Not a numpy array! Instead it is a SciPy sparse matrix. It has 11314 rows (so not many data samples), but 130107 columns (a lot of features – as noted, one for each word in the vocabulary). Despite that large size there are only 17876565 non-zero entries. The trick with sparse matrices is that they only store information about those entries that aren’t zero – they need to keep track of where they are, and what the value is, but they can ignore all the zero entries. If this were a raw numpy array with all those zeros in place it would have …

[7]:

11314 * 130107

[7]:

1472030598

… a lot of entries. To store all of that in memory would require (at 4 bytes per entry) …

[8]:

(11314 * 130107 * 4) / 1024**3

[8]:

5.48374130576849

… almost 5.5 GB! That is possible, but likely impractical on a laptop. And this is for a case with a small number of data samples. With more samples the size would grow enormous very quickly indeed. Instead we have an object that uses …

[13]:

(
    news_train.data.data.nbytes
     + news_train.data.indices.size
     + news_train.data.indptr.nbytes
) / 1024**2

[13]:

15.385956764221191

… only 15 MB. You will also note that to extract that information required poking at some of the internal attributes of the sparse matrix (data, indices, and indptr). This is the downside of the sparse format – they are more complicated to work with. It is certainly the case that many tools are simply not able to deal with these sparse structures at all, and the data would need to be cast to a numpy array and take up that full amount of memory.

Fortunately PyNNDescent is built to work with sparse matrix data. To see that in practice let’s hand the sparse matrix directly to NNDescent and watch it work.

[4]:

%%time
index = pynndescent.NNDescent(news_train.data, metric="cosine")
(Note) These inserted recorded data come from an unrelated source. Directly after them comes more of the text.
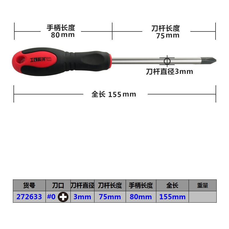 长城精工 十字螺丝刀 工业级旋具螺丝批 改锥 改刀 3-75mm 3英寸 272633
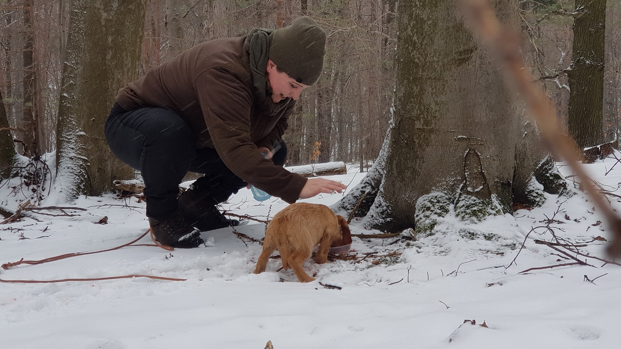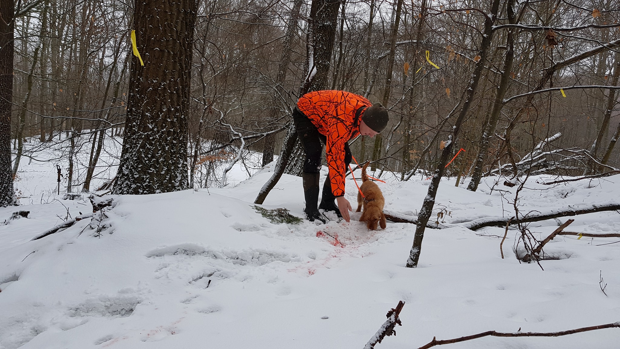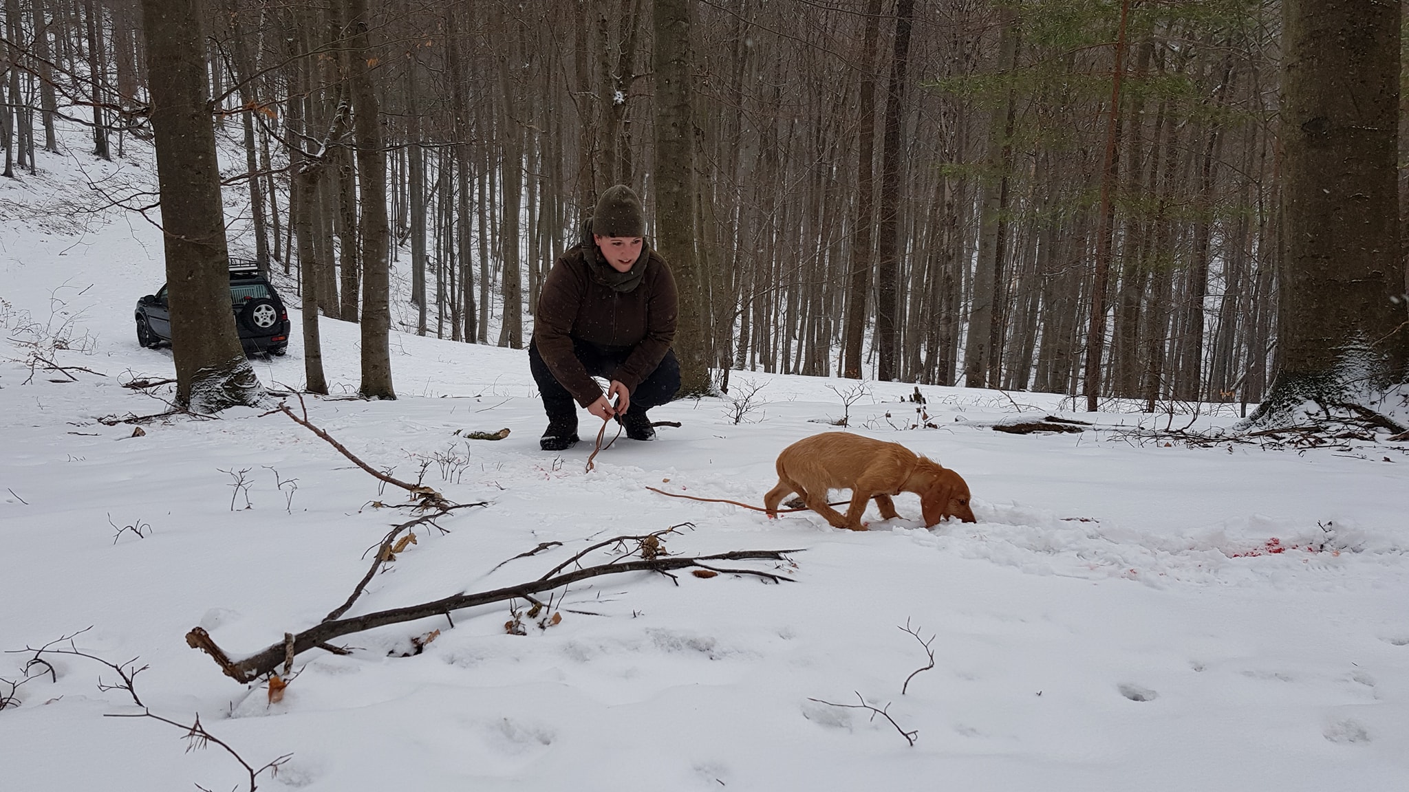 Unsere jungen Mädels Claire, Oriane und Elle beim Üben auf der künstlichen Wundfährte … von 30 Schritten bis zu 300 Schritten alles dabei … fein in Übung bleiben.
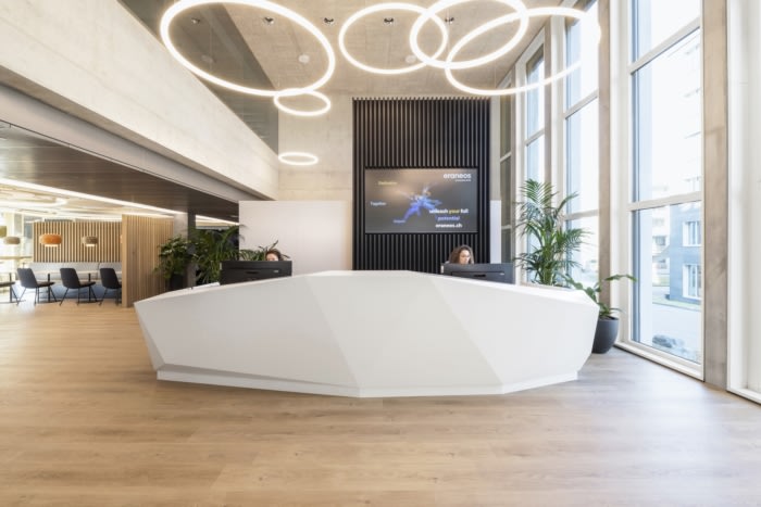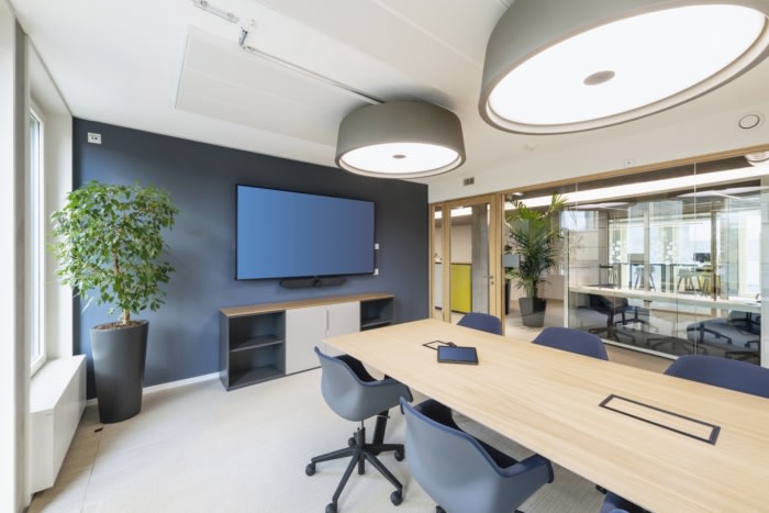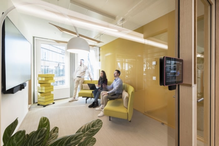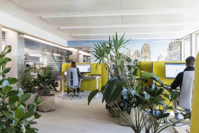 为了满足在线视频通话和噪音敏感度的需求,每层楼都点缀着声学室和房间,以便集中工作。每间安静的工作室都采用描绘联合国教科文组织世界遗产的落地墙图形,实现了个性化设计。丰富的室内植物增添了额外的平静感并提高生产力。#办公楼装修#
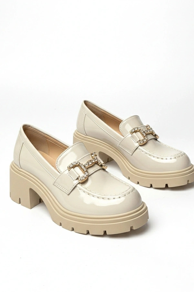 Krémové lakované mokasíny s podpätkom a zirkónmi Paola
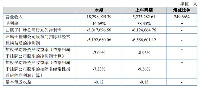報(bào)告期內(nèi),公司主營業(yè)務(wù)收入18,298,925.39元,較去年同期5,233,282.61元上漲13,065,642.78元,漲幅為249.66%;公司凈利潤-5,017,696.56元,較去年同期-6,124,664.76元,減少虧損額1,106,968.20元。
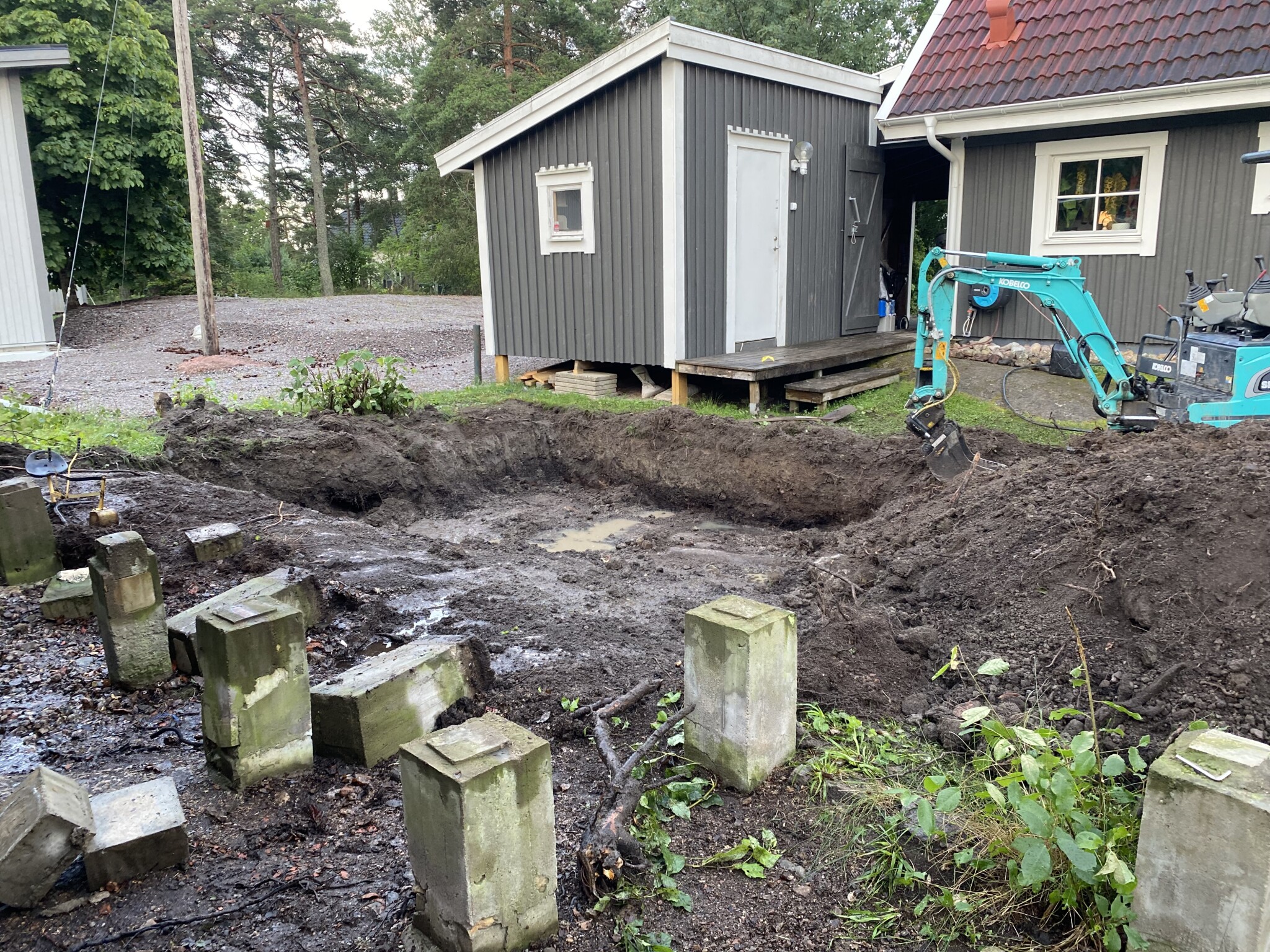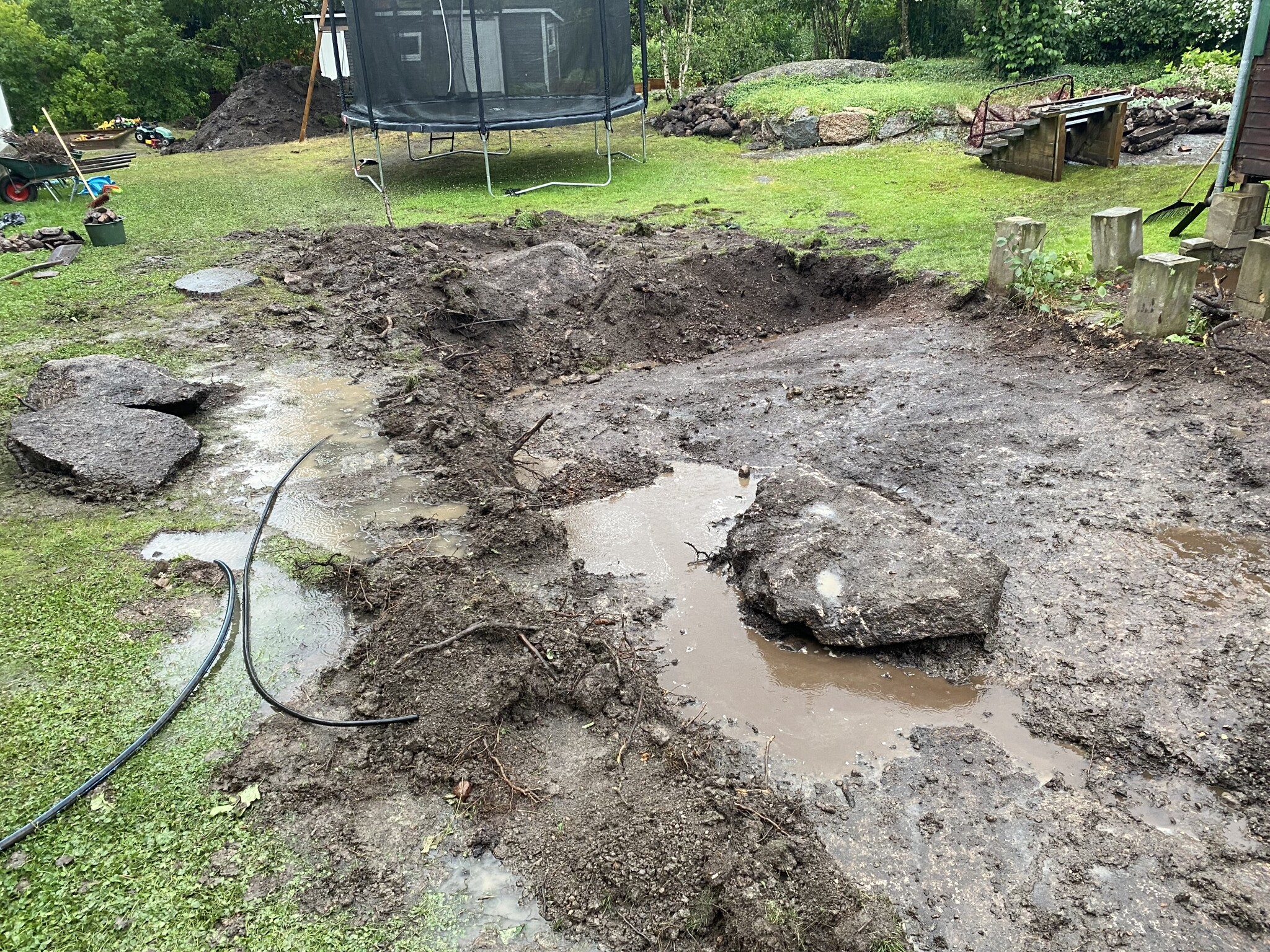 Hoppas du direkt förklarade för familjen att poolen nu är färdig och att du därför är klar med din del av arbetet.R random_name skrev:8:e juli var en regnig dag och det regnade över 40 mm och hela hålet blev vattenfyllt. Det är ganska bra tillrinning till hålet men detta var extremt. Vid "vanligt" regnväder blir det inte i närheten av dessa mängder i gropen. Hålet jag grävt är större än vad poolen ska bli. När jag gräver igen det hoppas jag att jorden fördröjer vattnet lite. Men det måste såklart pumpas bort. Planen är att pumpa det till en stenkista på framsidan. Samtidigt ska jag leda bort vattnet från taket så inte det rinner ner i hålet, och på så sätt också minska mängden vatten en aning.

CPU times: user 7min 3s, sys: 1.77 s, total: 7min 5s
Wall time: 2min 24s

You will note that this is a much longer index construction time than we would normally expect with only around eleven thousand data points – there is overhead in working with sparse matrices that makes it slower. That, combined with the fact that the data has over a hundred and thirty-thousand dimensions means this is a computationally intensive task. Still it is likely better than working with the full 5.5 GB numpy array, and certainly better when dealing with larger sparse matrices where there is simply no way to instantiate a numpy array large enough to hold the data.

We can query the index – but we have to use the same sparse matrix structure (we can’t query with numpy arrays for am index built with sparse data). Fortunately the test data is already in that format so we can simply perform the query:

[5]:

%%time
neighbors = index.query(news_test.data)

CPU times: user 1min 25s, sys: 1.5 s, total: 1min 26s
Wall time: 1min 26s

And that’s it! Everything works essentially transparently with sparse data – it is just slower. Still, slower is a lot better than not working at all.

[6]:

neighbors

[6]:

(array([[ 1635,  4487,  9220, ..., 10071,  9572,  1793],
        [ 8648,   567,  2123, ...,   783,  6031,  9275],
        [ 7345,  4852,  4674, ...,  1679,  7518,  4228],
        ...,
        [ 6137, 10518,  6469, ...,  6937, 11083,  6164],
        [ 2926,  2011,  1679, ...,  7229,  1635, 11270],
        [ 3215,  3665,  4899, ..., 10810,  9907,  9311]], dtype=int32),
 array([[0.34316891, 0.34799916, 0.35074973, ..., 0.35952544, 0.36456954,
         0.36472946],
        [0.25881797, 0.26937056, 0.28056568, ..., 0.29210907, 0.29795945,
         0.29900843],
        [0.41124642, 0.42213005, 0.4426493 , ..., 0.46922857, 0.4724912 ,
         0.47429329],
        ...,
        [0.21533132, 0.22482073, 0.24046886, ..., 0.26193857, 0.26805884,
         0.26866162],
        [0.19485909, 0.19515198, 0.19891578, ..., 0.20851403, 0.21159202,
         0.21265447],
        [0.43528455, 0.43638128, 0.4378109 , ..., 0.45176154, 0.452402  ,
         0.45243692]]))

One final caveat is that custom distance metrics for sparse data need to be able to work with sparse data and thus have a different function signature. In practice this is really something you only want to try if you are familiar with working with sparse data structures. If that’s the case then you can look through pynndescent.sparse.py for examples of many common distance functions and it will quickly become clear what is required.